His office will not schedule a date until they have all the letters submitted. Once they have the letters, they will contact my insurance company to pre-authorize the surgery. Only after insurance gives a pre-approval will they lock in a date. I was able to pickup my referral letter from Dr. Kleinman on Thursday and I faxed it to Dr. Schechter’s office.  With the situation with my primary psych, they went ahead and submitted my insurance info. They said it can take up to 30 days, but usually they have something back from them within 2 weeks. Sooooo, if all goes well, I should have a firm date in a couple days. We’re shooting for 3/29/2016.  This date will satisfy my insurance (and WPATH) requirement that I live in my new gender and receive HRT for 1 year. Real Life Experience, they call it.

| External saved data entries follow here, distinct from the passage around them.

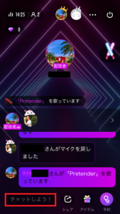 ルームに入ると下にチャット欄があるのでタップしてみましょう。
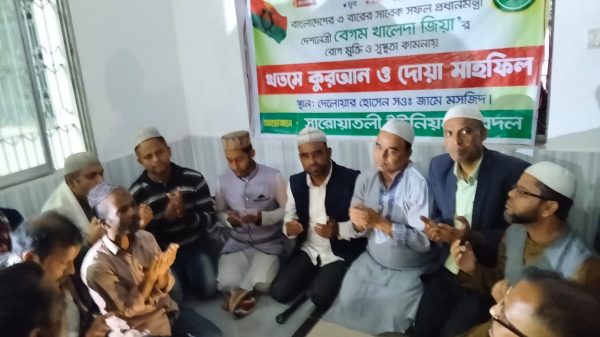 সারোয়াতলী ইউনিয়নে খালেদা জিয়ার রোগ মুক্তি কামনায় দোয়া মাহফিল অনুষ্ঠিত।
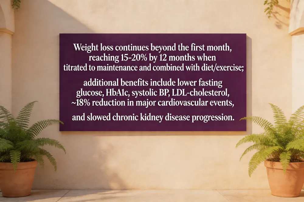 Beyond the scale, GLP‑1 therapy delivers durable metabolic gains: it improves fasting glucose and HbA1c, lowers systolic blood pressure, and reduces LDL‑cholesterol. Large cardiovascular outcome trials have shown an ~18 % relative risk reduction for heart attacks and strokes, while kidney‑protective data indicate slower progression of chronic kidney disease and fewer cases of end‑stage renal failure. These organ‑level benefits persist while the medication is continued; discontinuation can erode protection within months.
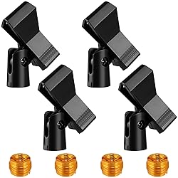- Adjustable Mic Holders with Adapters The Microphone Clip offers a robust grip, with a powerful spring that prevents your mic from dropping. The spring is designed to open wider, allowing the clip to fit a broad range of wired or wireless handheld microphones. The clip also features a standard 5/8inch female threaded insert, enabling it to connect to a compatible mic stand, gooseneck, boom, retractable tripod mic stand, or other accessory. The adjustable knob enables you to adjust the clip to your preferred angle, ensuring optimum comfort when singing, chatting, or broadcasting live. This product comes in black and gold and is made of durable plastic and copper, offering a sleek and long-lasting design. The clip size ranges from 15-50mm/ 0.59-1.97inch, and the adapter size measures 5/8"(15.5mm) male to 3/8"(9.5mm) female. The package includes 4 microphone clips and 4 screw adapters. Please note that due to manual measurement, the size may have a slight error, and there may also be a slight color difference due to differences in monitors. Ensure your microphone stays in place with the sturdy and adjustable Microphone Clip.

Between now and then, I am having to take on a new task. Hair removal. On my genitals. Yes, I am (somewhat) willingly letting someone shoot laser beams in my crotch. This is an interesting sensation. It’s not nearly as painful as I expected it to be. The laser on my face hurts much worse. The worst part about this is that it’s not covered by insurance. So it’s a requirement for the surgery. The surgery is covered, but the prerequisites are not? That doesn’t make sense. So yet more money out of pocket. I can’t even apply those costs towards my deductible or my out of pocket max for this surgery.

So I have 4 sessions planned. For that area, it’s recommended to wait 6 weeks between sessions. Having 1 session down, that leaves 3. Six weeks times three sessions, that’s 18 weeks. 135 days between now and 3/29. That’s 19.xx weeks. Cutting it close, but I think it’s doable.

The goal is to have everything planned and in place by the end of 2015. Then all I have to do is lie back and let my crotch be zapped between then and March. How hard can it be?